- Opening Delimiter -

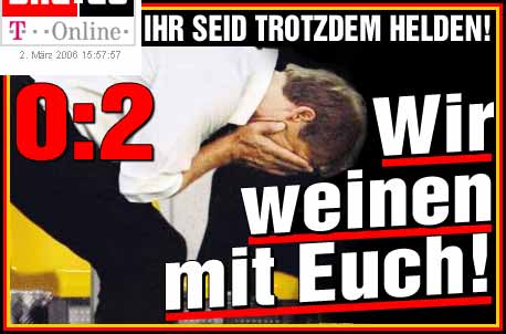 @Cyberjunk: Klinsmann, de televisie en anderen vind ik wel meevallen. 'Het Volk' daarentegen begon alweer de ouderwetse arrogante trekjes te vertonen. Daarom juichte ik ook voor Italie!
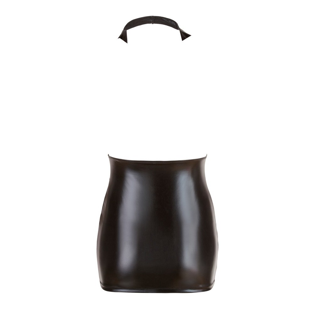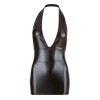 Fitted wetlook dress with a plunging neckline and completely bare back, with halterneck straps.
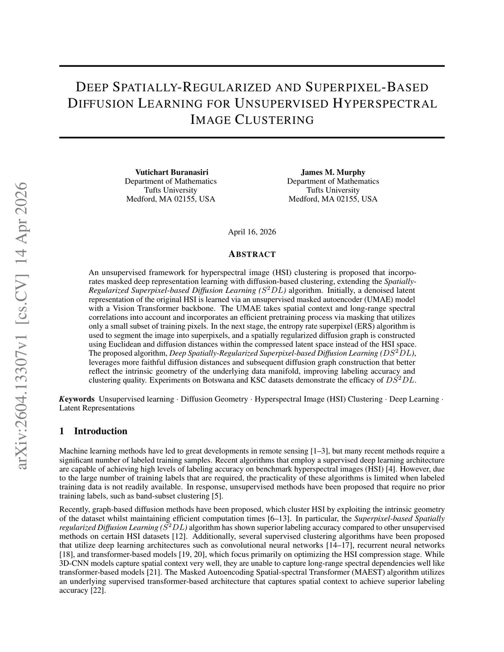 Deep Spatially-Regularized and Superpixel-Based Diffusion Learning for Unsupervised Hyperspectral Image Clustering
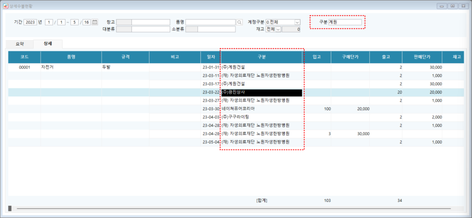 상세 탭에서 '구분'에는 입고의 경우 구매처, 출고의 경우 판매처가 조회됩니다.
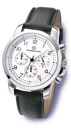 Sportlicher Metall-Chronograph; Gehäuse glänzend plattiert; wasserdicht 3 bar; kratzfestes Mineralglas; Stoppuhrfunktion; 24-Stunden-Anzeige. Dieser Chronograph ist auch in Damengröße, mit schwarzem Zifferblatt oder gegen Aufpreis mit Edelstahl-Armband erhältlich. Lieferung in Geschenkverpackung.
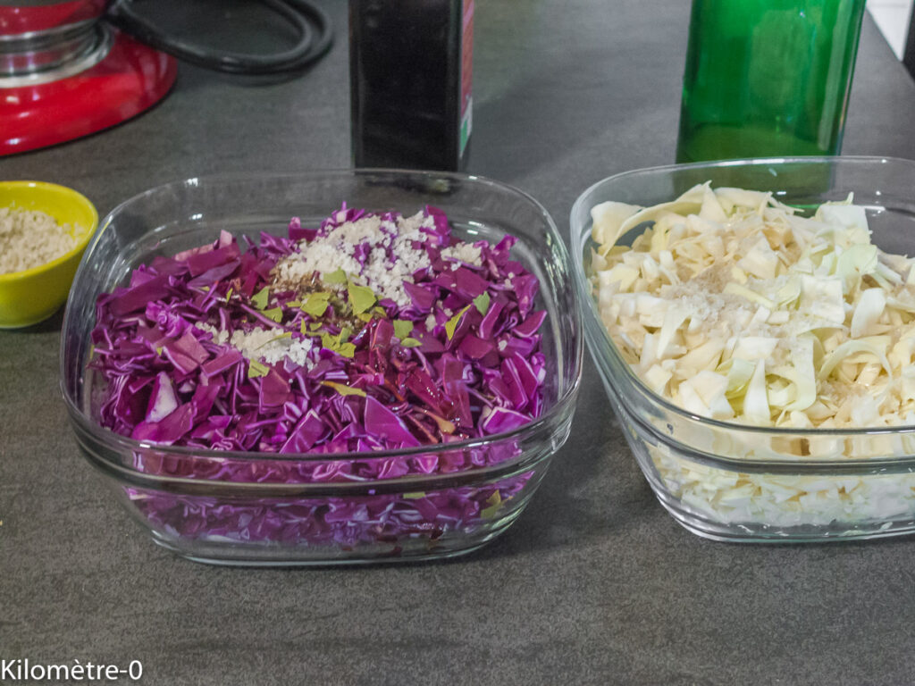 Mélangez le chou blanc avec 2 cs de vinaigre blanc et 1 cs de gros sel.
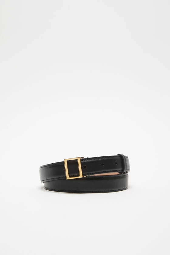 Acne Studios black/gold belt is crafted from leather and features a gold-toned square buckle detailed with a logo engraving.
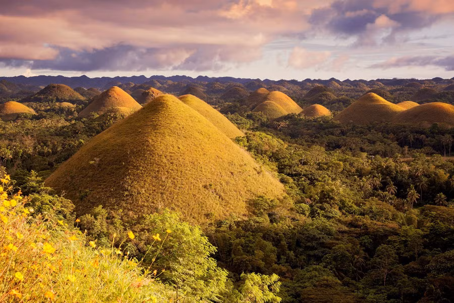 Đồi Chocolate ở đảo Bohol, Philppines: Những ngọn đồi Chocolate có hình chóp nón ở đảo Bohol, Philppines là một bí ẩn do thiên nhiên tạo nên. Ước tính khoảng 1.776 ngọn đồi đá vôi được bao phủ bởi thảm cỏ xanh tại hòn đảo này.
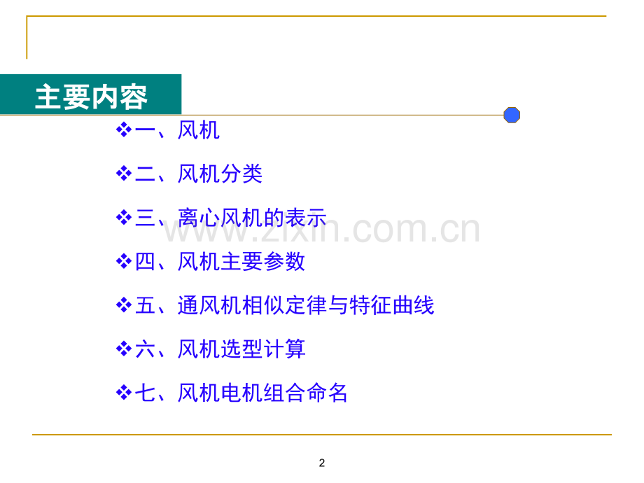 1风机选型及计算2主要内容主要内容v一、风机v二、风机分类v三、离心风机的表示v四、风机主要参数v五、通风机相似定律与特征曲线v六、风机选型计算v七、风机电机组合命名3干法干法脱硫脱硫半干法半干法脱脱湿法湿法脱脱v一、风机 风机是输送气体的机械总称。风机是一种通用工业设备产品,用途非常广泛,公共的、商业的民用建筑和几乎所有的工业厂房和生产线上都离不开风机的应用。同时,风机作为除尘设备的动力装置,其选型对除尘效果起到相当重要的作用。4干法干法脱硫脱硫半干法半干法脱脱湿法湿法脱脱v二、风机分类按流动方向分类离心式:气流轴向进入叶轮后主要沿径向流动。轴流式:气流轴向进入风机叶轮后近似地在圆柱型表面上沿轴线方向流动。混流式:在风机的叶轮中气流的方向处于轴流式与离心式之间,近似沿锥面流动。横流式:横流式通风机有一个筒形的多叶叶轮转子,气流沿着与转子轴线垂直的方向,从转子一侧的叶栅进入叶轮,然后穿过叶轮转子内部,通过转子的另一侧的叶栅,将气流排出。KTY、KTJZ除尘器上所用风机均采用离心式风机。5干法干法脱硫脱硫半干法半干法脱脱湿法湿法脱脱v二、风机分类按流动方向分类离心式:气流轴向进入叶轮后主要沿径向流动。轴流式:气流轴向进入风机叶轮后近似地在圆柱型表面上沿轴线方向流动。混流式:在风机的叶轮中气流的方向处于轴流式与离心式之间,近似沿锥面流动。横流式:横流式通风机有一个筒形的多叶叶轮转子,气流沿着与转子轴线垂直的方向,从转子一侧的叶栅进入叶轮,然后穿过叶轮转子内部,通过转子的另一侧的叶栅,将气流排出。6干法干法脱硫脱硫半干法半干法脱脱湿法湿法脱脱v二、风机分类2.1按流动方向分类图图2.1离心式通风机离心式通风机 2.2 前向、径向、后向叶片叶轮前向、径向、后向叶片叶轮7干法干法脱硫脱硫半干法半干法脱脱湿法湿法脱脱v二、风机分类按流动方向分类图图2.3 轴流式通风机图轴流式通风机图 2.4 轴流风机叶轮轴流风机叶轮 图图2.5 混流式混流式 2.6 横流式横流式干法干法按通风机的用途分类,可分为引风机,纺织风机,消防排烟风机。通风机的分类一般以汉语拼音字头代表。v二、风机分类2.2按用途分类按用途分类表表2.1风风机用途及分机用途及分类类序号用途类别代号例汉字简写1一般用途通风机通用T(省略)4-73型离心通风机2锅炉通风机锅通G3锅炉引风机锅引Y4高温通风机高温W5冷却通风机冷却L6热风通风机热风R7降温通风机凉风LF8防爆通风机防爆BB-73型9防腐通风机防腐FF4-62型10矿井通风机矿井K11矿局通风机矿局KJ12隧道通风机隧道SD13船舶通风机船通CT14船锅通风机锅锅通CG15船锅引风机船锅引CY16排尘通风机尘C17粉末通风机粉末FM18煤粉通风机煤粉M19烧结抽风机烧结SJSJ1600型20工业炉通风机工业炉GY21纺织通风机纺织FZ22烟气再循环风机烟循YX23消防排烟风机消防排烟XP24空调通风机空调KT25电影机械冷却通风机影机YJ26微型电动吹风机电动DD干法干法除尘器上所用风机大多数采用一般用途通风机,少数爆炸性粉尘采用防爆风机。普通叶轮采用碳素钢制作,由于部件相互碰撞,或者转子内部吸进砂粒或者铁屑等杂质,容易引起火花而导致气体燃烧爆炸,为了避免此类事故,当通风机输送易爆、易燃等级较低的气体介质时,通风机的蜗壳用钢板制作,叶轮用铝材制作。当气体易燃、易爆等级较高时,则蜗壳和叶轮必须都采用铝材制作。同一规格型号的一般用途通风机与防爆风机整体外观尺寸无太大差异,只是叶轮所用材质不一样。v二、风机分类2.2按用途分类按用途分类干法干法KTY、KTJZ除尘器上所用风机大多数采用一般用途通风机,少数爆炸性粉尘采用防爆风机。普通叶轮采用碳素钢制作,由于部件相互碰撞,或者转子内部吸进砂粒或者铁屑等杂质,容易引起火花而导致气体燃烧爆炸,为了避免此类事故,当通风机输送易爆、易燃等级较低的气体介质时,通风机的蜗壳用钢板制作,叶轮用铝材制作。当气体易燃、易爆等级较高时,则蜗壳和叶轮必须都采用铝材制作。同一规格型号的一般用途通风机与防爆风机整体外观尺寸无太大差异,只是叶轮所用材质不一样。v二、风机分类2.3按用途分类按用途分类比转速是指达到单位流量和压力所需转速。1.低比转速(n=1130)该类风机进口直径小,工作轮宽度不大,蜗壳的宽度和张开度小。通风机的比转速越小,叶片形状对气动特性曲线的影响越小。2.中比转速(n=3060)该类风机各自具有不同的几何参数和气动参数。压力系数大的和压力系数小的中比转速通风机,它们的直径几乎相差一倍。3.高比转速(n=6081)该类风机具有宽工作轮和后向叶片,叶片数较少,压力系数和最大效率值较高。v二、风机分类2.4按比转速分类按比转速分类 风机行业对风机型号的表述已作明确的规定。离心通风机的型号由名称、型号、机号、传动方式、旋转方向和出风口位置六部分内容组成,其排列序号如图所示。v三、离心风机的表示图3.1 排列序号图 序号说明1用途代号按相关规定(一般按用途名称拼音的第1个大写字母)。2压力系数的5倍化整后采用一位数。个别前向叶轮的压力系数的5倍化整后大于10时,也可用二位数表示。3比转速采用两位整数。若用二叶轮并联结构,或单叶伦双吸结构,则用2乘比转速表示。4若产品的型式有重复代
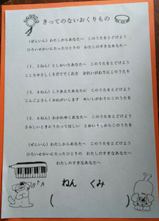 来たる5月27日(月)8:35〜8:50に、講堂で、全校音楽集会を行います。心をひとつに、みんなで、歌「切手のないおくりもの」を歌います。ぜひ、保護者の皆様、地域の皆様、子ども達や教職員とともに、素敵なハーモニーを奏でませんか。ご参加をお待ちしております。(歌詞は、大きく写しますので、気楽にご参加ください!)
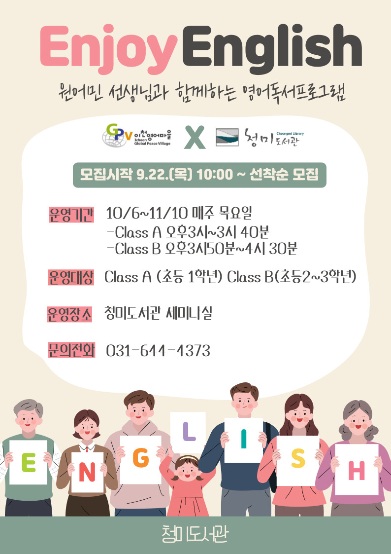 Enjoy English 프로그램 모집은 9월 22일 목요일 오전 10시부터 시작되며, 자세한 프로그램 내용 및 일정은 이천시통합도서관홈페이지(www.icheonlib.go.kr)를 통해 확인할 수 있다.
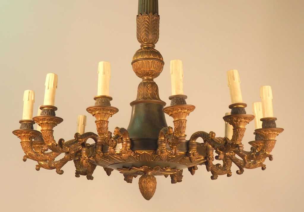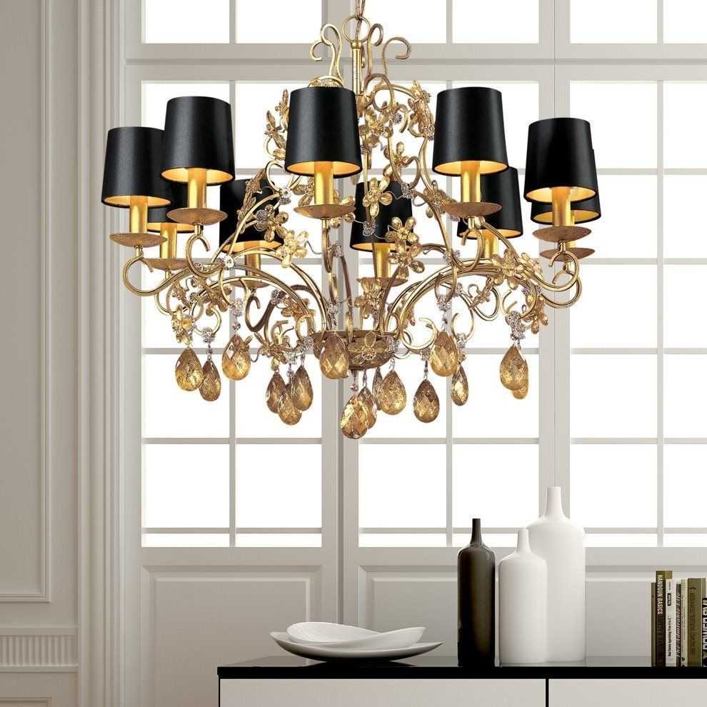 Этот стиль интерьера отличают люстры, каркасы которых выполнены из кованых металлических элементов.Они могут иметь цвет меди, золота, серебра и бронзы. Плафоны сделаны из стекол розового, белого или бежевого цвета.
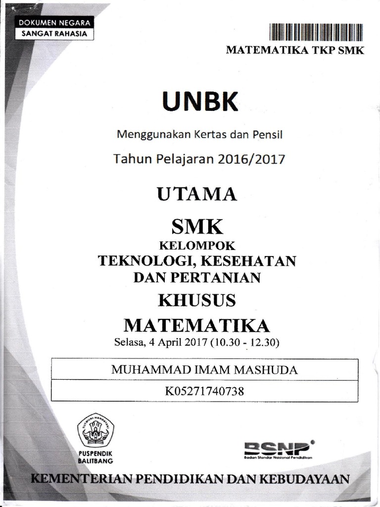 Soal unbk matematika smk 2017 pdf. Berikut inilah 40 butir soal matematika ujian nasional berbasis komputer unbk tahun 2018 sekolah menengah kejuruan smk kelompok teknologi kesehatan dan pertanian kelompok tkp mata pelajaran matematika yang terdiri dari soal pilihan ganda sebanyak 36 butir soal dan soal isian singkat sebanyak 4 butir soal. Latihan online soal un unbk unkp matematika smk tahun 20192020 latihan. Matematika tkp akp dan psp setelah tahun pelajaran kemarin admin sudah membagikan dokumen dari naskah asli ununbk smk tahun 2017 yang bisa menunjang tingkat kesuksesan para siswa dalam menghadapi ununbk tahun 2018maka pada tahun ini admin akan membagikan file naskah asli dari soal un smk 2018.
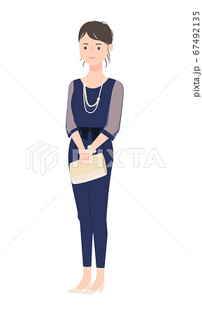 結婚式などに参加するためのパンツドレス姿の可愛い女性。
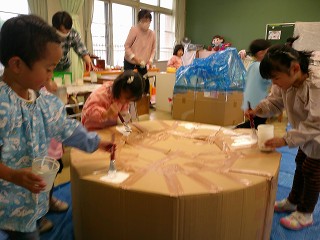 みんなの心のこもった、そして「幼稚園大好き!」の気持ちがつまったケーキ。どんなケーキになるかお楽しみに~!
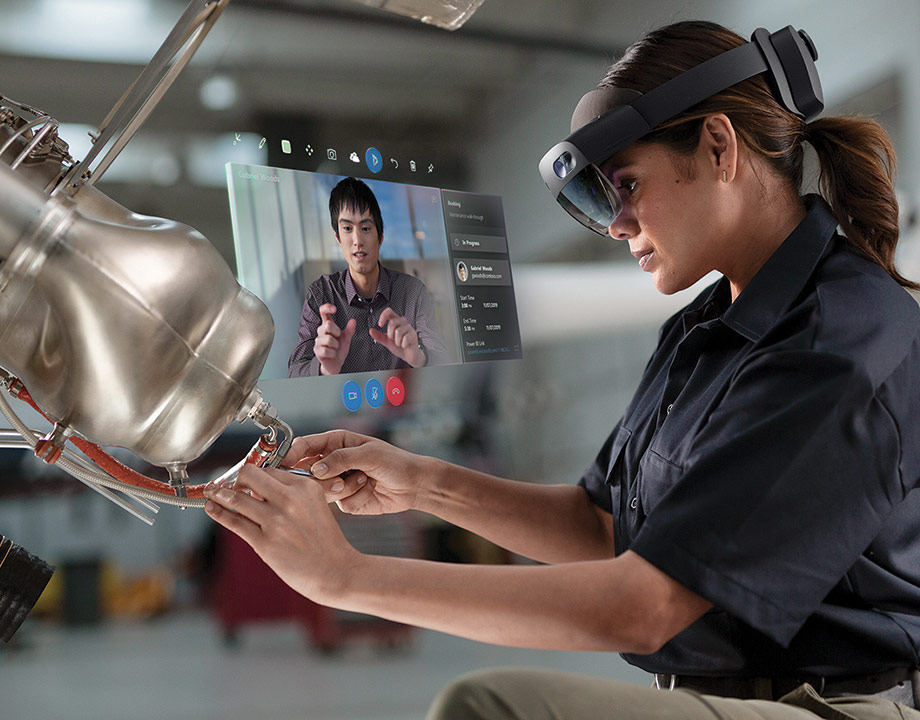 The Microsoft HoloLens allows users to video chat with experts remotely for step-by-step guidance. Image: Microsoft
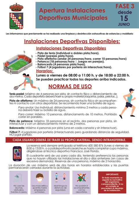 Continuando con el avance progresivo hacia la nueva normalidad dentro de la desescalada, ya estamos en la fase 3, a partir del lunes 15 de Junio, estarán disponibles las siguientes Instalaciones Deportivas Municipales:
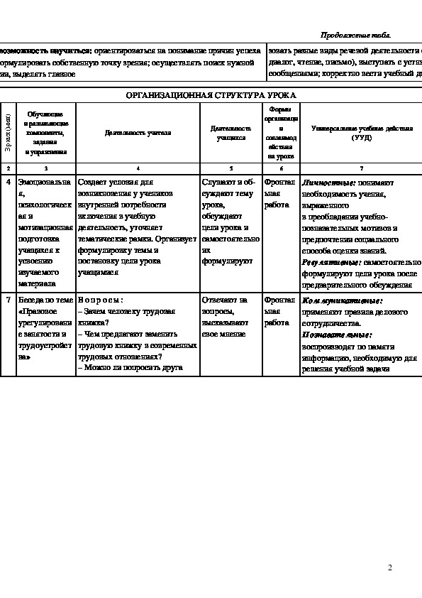 ОРГАНИЗАЦИОННАЯ СТРУКТУРА УРОКА
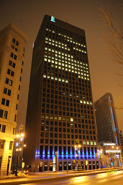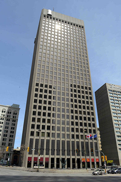This 34-storey (407 feet tall) building at the corner of Portage Avenue and Main Street in Winnipeg, measuring 137 feet by 137 feet, was designed by the architectural firm of Smith Carter Searle and Associates and constructed between 1967 and 1969 by Poole Construction using structural steel provided by Dominion Bridge. Four elevators served the lower 17 floors while six elevators served the upper levels. It was the city's tallest building until 1990 when a 33-storey office tower at 201 Portage Avenue was opened.
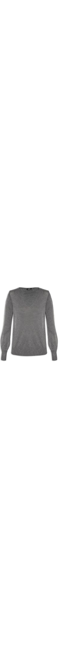 A blusa cinza é confeccionada em tricot. A peça possui decote V, mangas longas, detalhe de mescla em cor ocntrastante, shape solto, caimento reto e acabamento canelado.
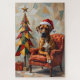 This whimsical modern abstract painting depicts a massive Fawn Great Dane, rendered in geometric shapes, wearing a simple Santa hat while enjoying a cozy nap by a stylized Christmas tree. A bold and contemporary holiday design.
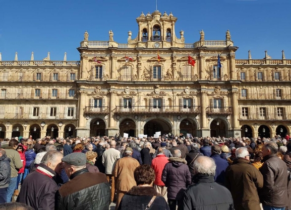 El pasado día jueves 22, nos reunimos unos cuantos miles de mayores en nuestra Plaza Mayor de Salamanca, no para tomar el sol, sino para reivindicar una pensión que nos permita vivir con dignidad.
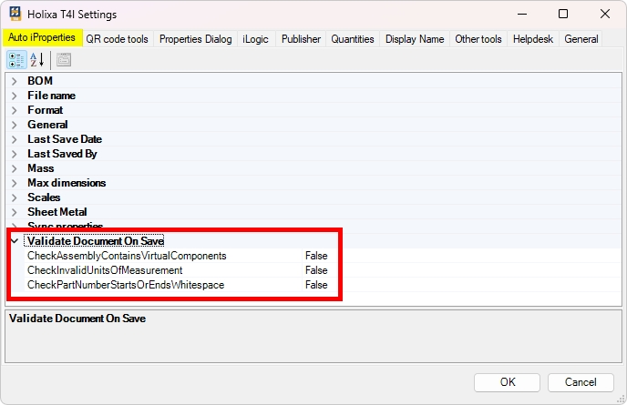 Be.Smart T4I -> Be.Smart T4I -> Advanced settings -> Auto iProperties -> Validate Document On Save
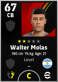 . Walter Molas is a Center Back footballer from Argentina who plays for Free in eFootball 2026.

- Closing Delimiter -

**WHAT IS BEING ASKED:** Both the line containing "El pasado día" and the last line of the listing above belong in the copy, along with every line between them; retype them exactly and omit the pictures.

**SOLUTION TO THIS TASK:**
 El pasado día jueves 22, nos reunimos unos cuantos miles de mayores en nuestra Plaza Mayor de Salamanca, no para tomar el sol, sino para reivindicar una pensión que nos permita vivir con dignidad.
 Be.Smart T4I -> Be.Smart T4I -> Advanced settings -> Auto iProperties -> Validate Document On Save
 . Walter Molas is a Center Back footballer from Argentina who plays for Free in eFootball 2026.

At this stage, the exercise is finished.